In order to run the validator without authentication, add disableAuth: true to both splice-node/examples/sv-helm/validator-values.yaml and splice-node/examples/sv-helm/participant-values.yaml. Note that you must disable auth in both places, otherwise the validator will not be able to connect to the participant. When running without authentication, the username of the validator administrator is administrator.

Installing the Software

Configuring the Helm Charts

To install the Helm charts needed to start a Validator node connected to the cluster, you will need to meet a few preconditions. The first is that there needs to be an environment variable defined to refer to the version of the Helm charts necessary to connect to this environment: 
export CHART_VERSION=0.6.3
Please modify the file splice-node/examples/sv-helm/participant-values.yaml as follows:
  • Replace OIDC_AUTHORITY_LEDGER_API_AUDIENCE in the auth.targetAudience entry with audience for the ledger API. e.g. https://ledger_api.example.com.
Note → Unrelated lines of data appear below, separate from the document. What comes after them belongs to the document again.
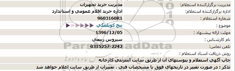 اداره برگزارکننده استعلام:اداره خرید اقلام عمومی و استاندارد
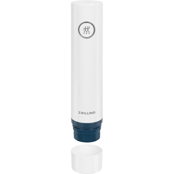 - DELIVERY PACKAGE: 1x ZWILLING vacuum pump, white-La Mer, Ø 4.5 cm, H 19.5 cm, long-life lithium-ion battery 3.7 V, 1200 mA, charger cable with USB 2.0 type A, micro-USB, cable length 0.3 m, high-gloss ABS plastic, vacuum attachment made of food-grade silicone, 1009476.
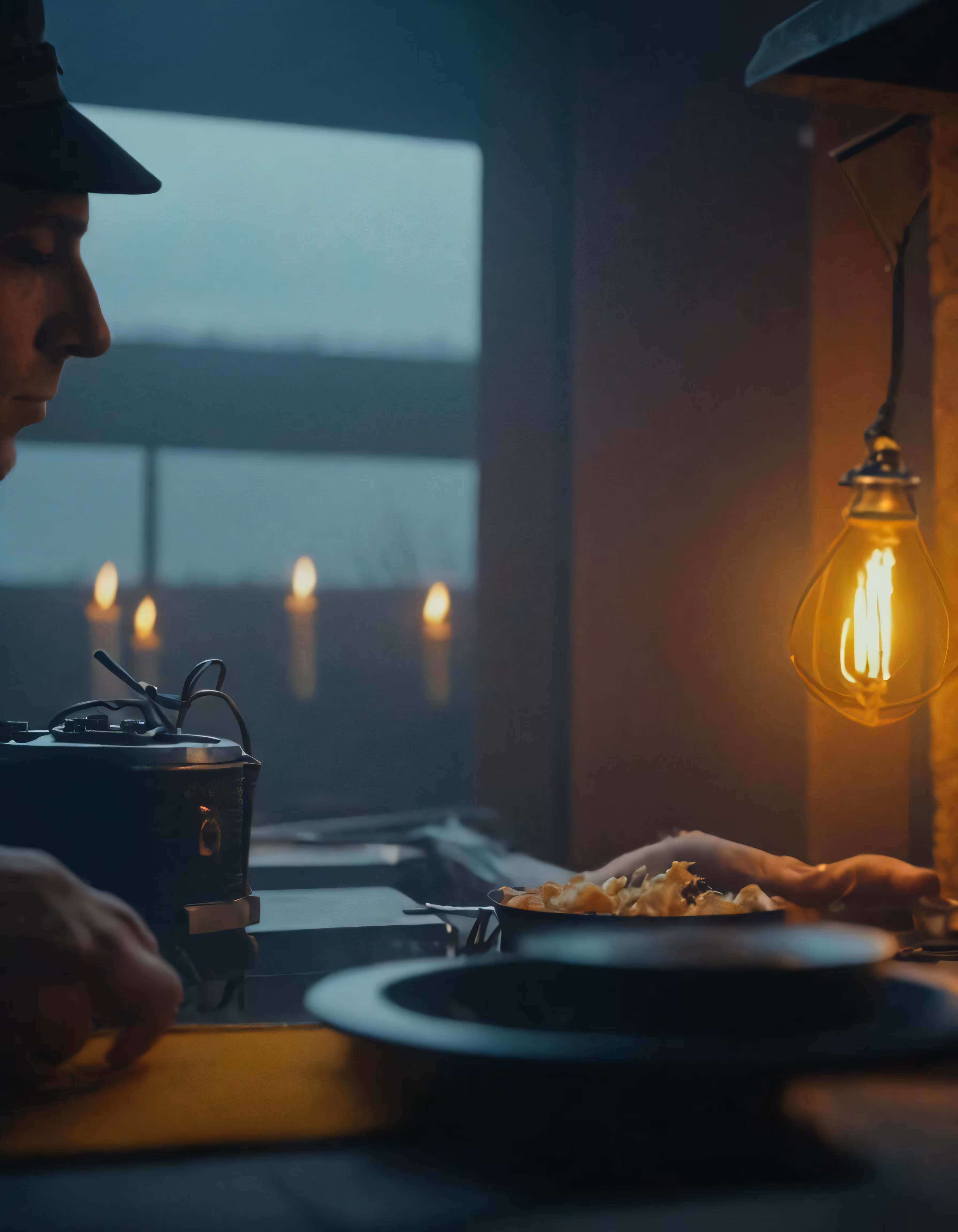 High resolution picture, free to use, a man sitting at a table with a plate of food

If you are not ready to use a custom audience, you can use the suggested default https://canton.network.global.
  • Update the auth.jwksUrl entry to point to your auth provider’s JWK set document by replacing OIDC_AUTHORITY_URL with your auth provider’s OIDC URL, as explained above.
  • If you are running on a version of Kubernetes earlier than 1.24, set enableHealthProbes to false to disable the gRPC liveness and readiness probes.
If you are using the provided postgres helm chart, modify splice-node/examples/sv-helm/postgres-values-validator-participant.yaml as follows:
  • Add db.volumeSize and db.volumeStorageClass to the values file adjust persistant storage size and storage class if necessary. (These values default to 20GiB and standard-rwo)
Additionally, please modify the file splice-node/examples/sv-helm/standalone-participant-values.yaml as follows:
  • Replace MIGRATION_ID with the migration ID of the global synchronizer on the network you are connecting to (devnet/testnet/mainnet).
You need to configure how your validator connects to the network’s scan services by defining a scanClient block in your standalone-validator-values.yaml. 
scanClient:
  scanType: "bft"
  seedUrls: ["TRUSTED_SCAN_URL"] # replace with scan seed url. Supports multiple urls, separated by comma.

# scanClient denotes how the validator makes connections to scan service and supports three modes of operation.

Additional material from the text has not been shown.